AtDTDA (16) 434 +
robinlandseadel at comcast.net
robinlandseadel at comcast.net
Sun Sep 2 08:08:07 CDT 2007
Mark Kohut:
For those--you know who you are---who have led
the way in exploring Magic in TRP.
From the same essay by Segal: 'The bulk of The
Golden Bough is devoted to an intermediate stage
between religion and science---a stage of magic
and religion combined.
"Thus the old magical theory of the seasons was
displaced, or rather supplemented, by
a religious theory."...
Does this apply to Pynchon's vision?
......any How and Why?
--------------------------------------------------------------------------------
As it has ever been, and apparently ever shall be, gods,
superseded, become the devils in the system which supplants
their reign, and stay on to make trouble for their successors,
available, as they are, to a few for whom magic has not
despaired, and been superseded by religion.

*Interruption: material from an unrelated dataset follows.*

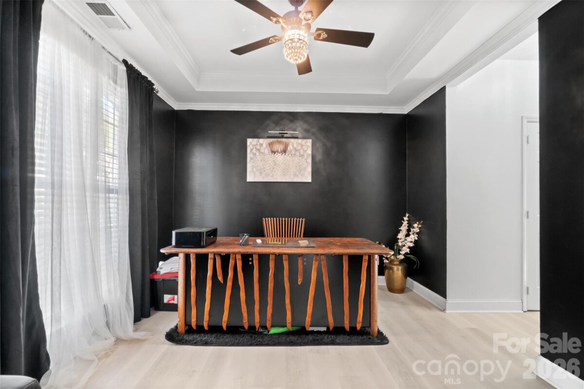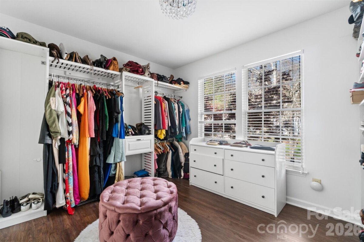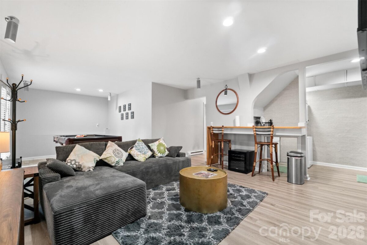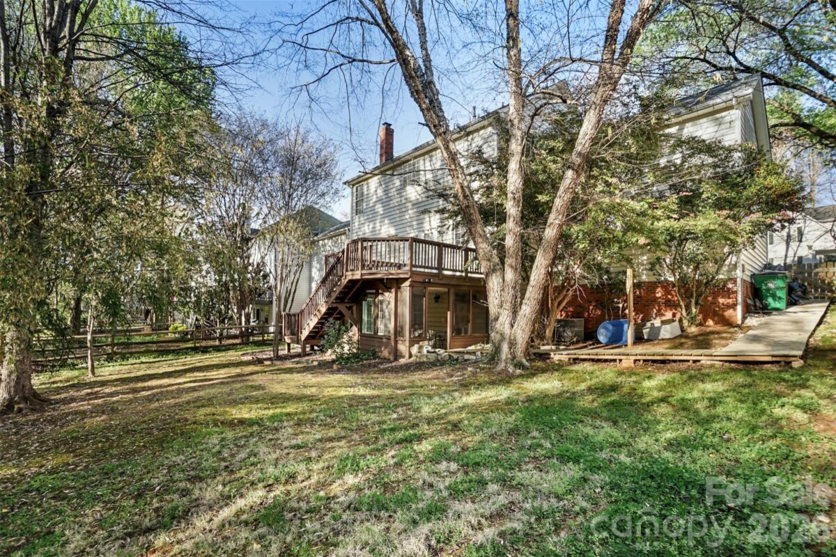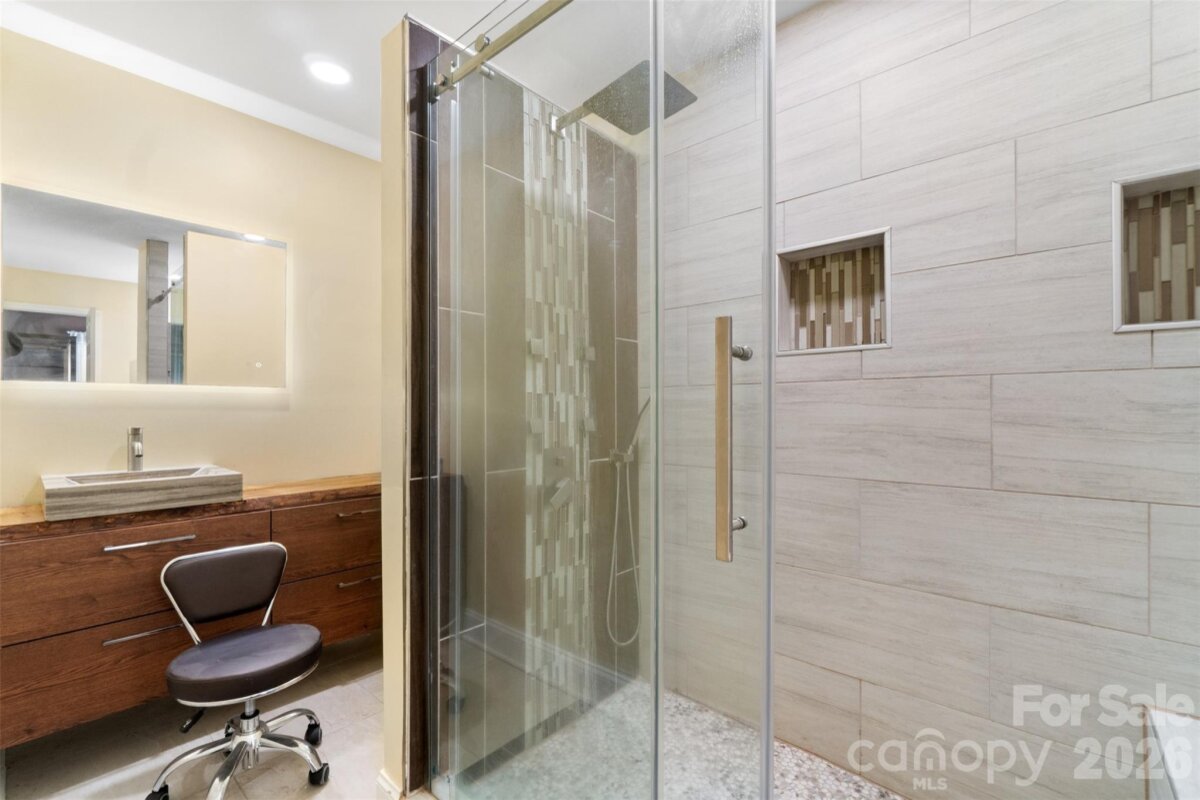 Two homes in one! This fully renovated 5-bedroom, 3.5-bath home features a 4-bedroom, 2.5-bath main residence plus a separate one-bedroom, one-bath apartment on the lower level — complete with its own private walk-in entrance, full kitchen, pantry, separate in-unit laundry and beautifully renovated full bath. The spacious open living area with stone accent wall and electric fireplace offers flexible space for dining, lounging or entertaining, with an additional bonus room for a home office, gym or storage. Whether it’s extended family, guests or rental income, the flexibility here is rare. Upstairs, the main home delivers luxury at every turn. A dramatic two-story foyer with marble-look flooring and statement crystal chandelier sets the tone. The chef’s kitchen features a large center island, professional Jenn-Air range, custom built-in wall unit with open shelving, designer crystal chandelier and French doors to the deck. The main level also includes a formal dining room with wainscoting, a private office with tray ceiling and a show-stopping powder bath with designer damask wallpaper and emerald, green wainscoting. The primary suite offers a tray ceiling, spa-inspired bath with freestanding soaking tub, floor-mount filler, oversized walk-in shower with dual niches and bench, and dual LED backlit vanities. An adjacent bedroom has been converted into a luxurious walk-in closet and dressing room but can easily be converted back to a fifth bedroom. Outside, the home backs to a natural hillside with no rear neighbors. Enjoy the screened porch and large deck overlooking your own private wooded retreat. Located on a quiet loop street with no through traffic in Highland Creek, within walking distance to the Highland Creek Club and neighborhood amenities, this home offers both lifestyle and location in one of Charlotte’s most established golf communities. 2-year home warranty included. This home must be seen in person to be fully appreciated.

William Gaddis, the Recognitions, pg 102
This is a developing theme in TRP's writings, something that gets closer and
closer to the surface of his texts as we move closer to our present. There is
the older order---the realm of polytheism, shamanism, olde magicke, alchemy,
and all those other "non-scheduled theologies" that Lenny Bruce warned us all
about as he was channeling the rapcious Oral Roberts. This newer order of
spiritual leadership---monotheism and spritual systems designed to prop up
vertical hierarchies, systems of control imposed by the elect upon the
preterite---is a cover story for the real agenda: slavery, capitalism, what
Starhawk calls "Power Over":
I talk a bit about different kinds of power: power-over, the power
that comes from a gun or from the state, the power to control
resources or inflict harm--that power we're all familiar with. But
there's another kind of power. "Poder" in Spanish means both
"power" and "to be able." There's a power that's our ability to
be able to do something, and that power grows when we act
together. We don't have control over the police or the power
they represent, but we do have control over how we act and
organize to increase the power we can have together.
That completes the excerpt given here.